An uncertain world, too
As I mentioned in my column last week, this is going to be an uncertain year. On the bright side, governments seem to be learning how to react more swiftly to the changes brought about by the pandemic, including the disruptions in the economy. Particularly in the West, some sectors have not made the adjustment easier with their irrational reactions.
Everyone likes to be optimistic as a new year begins, and there may be cause for that. At least here at home, despite the uncertainties over who the next president might be and what that might mean for us, all the fundamentals underpinning our society are sound (no fears of a similar Trump insurrection here).
But uncertainy remains high worldwide. There’s the standoff between the United States and China over trade and human rights, amplified by the latter’s possible incursion into Taiwan that it claims is part of its territory. The US also faces off with Russia over security issues, but now there’s the added threat of Russia invading Ukraine. There are other causes for concern: the possible escalation of conflict in the Middle East, exacerbated by the risk of Iran going nuclear, and the unpredictable military actions by North Korea.

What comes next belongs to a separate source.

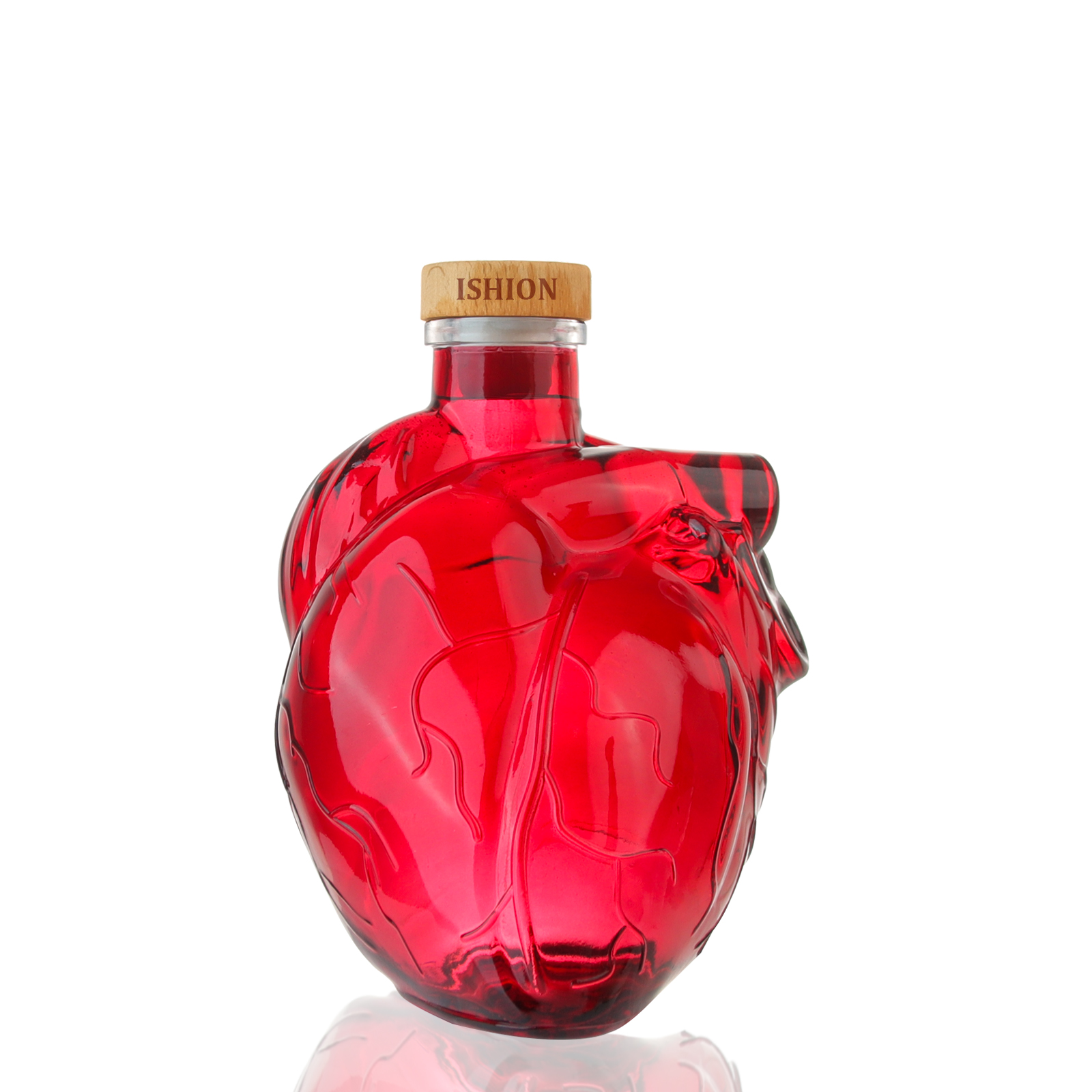 Exquisite Design:The Heart Shaped Glass Bottle Wholesale features a distinctive and artistic design that stands out with its vibrant red color and intricate patterns. This design not only makes the bottle visually appealing but also adds a sense of luxury and sophistication to any setting. The unique shape of the bottle serves as an attractive centerpiece, enhancing the overall aesthetic of any display or collection.

While China’s military takeover of Taiwan is not expected this year, it can’t be ruled out. Cyberattacks and the territorial grab of Taiwan’s outlying islands (as China did to us in the West Philippine Sea) are a disconcerting possibility. As Xi Jinping becomes ever more confident and assertive, I see the collapse of Hong Kong as a democracy with the loss of its judicial independence, and—not too far into the future—its cachet as an international financial center. Putin’s invasion of Ukraine would meanwhile depend on how successful US President Joe Biden and the European Union are in tempering his obsession with power.
The growing collaboration between Putin and Xi is worrying, with the possibility of chaos should they make good their threats. Existing regional wars however seem unlikely to escalate beyond the respective borders of the countries involved.

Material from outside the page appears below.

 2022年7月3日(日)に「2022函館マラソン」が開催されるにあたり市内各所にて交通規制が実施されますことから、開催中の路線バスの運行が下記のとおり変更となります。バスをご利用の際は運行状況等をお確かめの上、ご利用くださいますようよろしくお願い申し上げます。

Democracy is under threat, led by the vicious attack on the US Capitol last year by disgruntled Donald Trump supporters, egged on by the former president himself. Trump single-handedly destroyed America’s standing in the world and would, horrifyingly, leave its political and economic gains in ruins should he run again and win in 2024. Already, he is threatening a civil war if he loses in the polls again. The seriousness of his threat to America’s democracy cannot be overstated, just as 73 countries around the world struggle against the erosion of their democratic ideals in the past year, according to Freedom in the World 2021 Index. Though Trump’s rhetoric and alternative facts have done their part in undermining American institutions, the COVID-19 pandemic has given potential autocrats the excuse they need to crack down on critics exercising their right to raise questions. The mishandling of the global health crisis has also eaten away at public trust of government, making it difficult for world leaders to take a tough stance on what needs to be done.
Inflation is soaring, a result in part of problems in the supply chain that has led to product shortages. It’s a speed bump that can be easily handled as we move through the year.

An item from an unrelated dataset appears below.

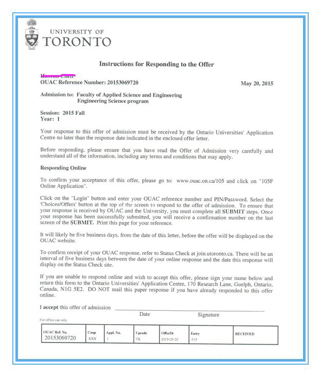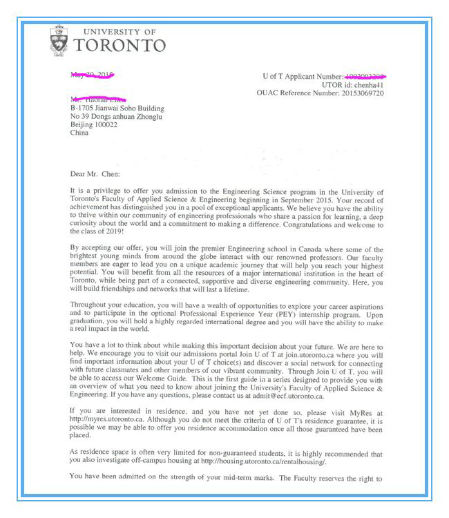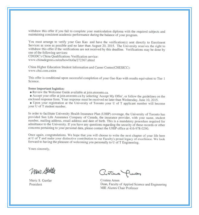入讀學校及專業(yè):多倫多大學工程科學 本科

It is giving us freedom in the way we live that was unimaginable a few years ago. The virtual world is intermingling with the physical, and expanding the ease with which we do everything from business to leisure. But it has also allowed easy access to fake news, as well as facilitated the spread of false, distorted, and deceptive information, coupled with increasing sophistication in attacking one’s person and stealing personal data. We’ve made some, but not enough, progress in reducing the toxic gases that are threatening to broil our planet and wreak havoc on the climate with international meetings such as COP26 (Climate Change Conference). But much more needs to be done to slow down global warming and deal with politicians who are more concerned about their survival than with humanity’s (check out that Netflix movie, “Don’t Look Up”). Critical to this goal is Xi Jinping and his ability and willingness to rein in China, the world’s biggest contributor—at 27 percent in 2019—to global warming.
What really stood out last year was the miraculous coming together of the pharmaceutical industry to develop vaccines in record time, and manufacture them in sufficient doses to control a rapidly mutating virus. There’s a chance that if no new COVID-19 variant emerges, the coronavirus would be conquered in 2022, with it becoming endemic so that humans can safely live with it. But a new variant could mean a new battle all over again.
Overcoming the threats and adapting to them is the challenge of the year, one that the resilient and undaunted human spirit could somehow learn to handle.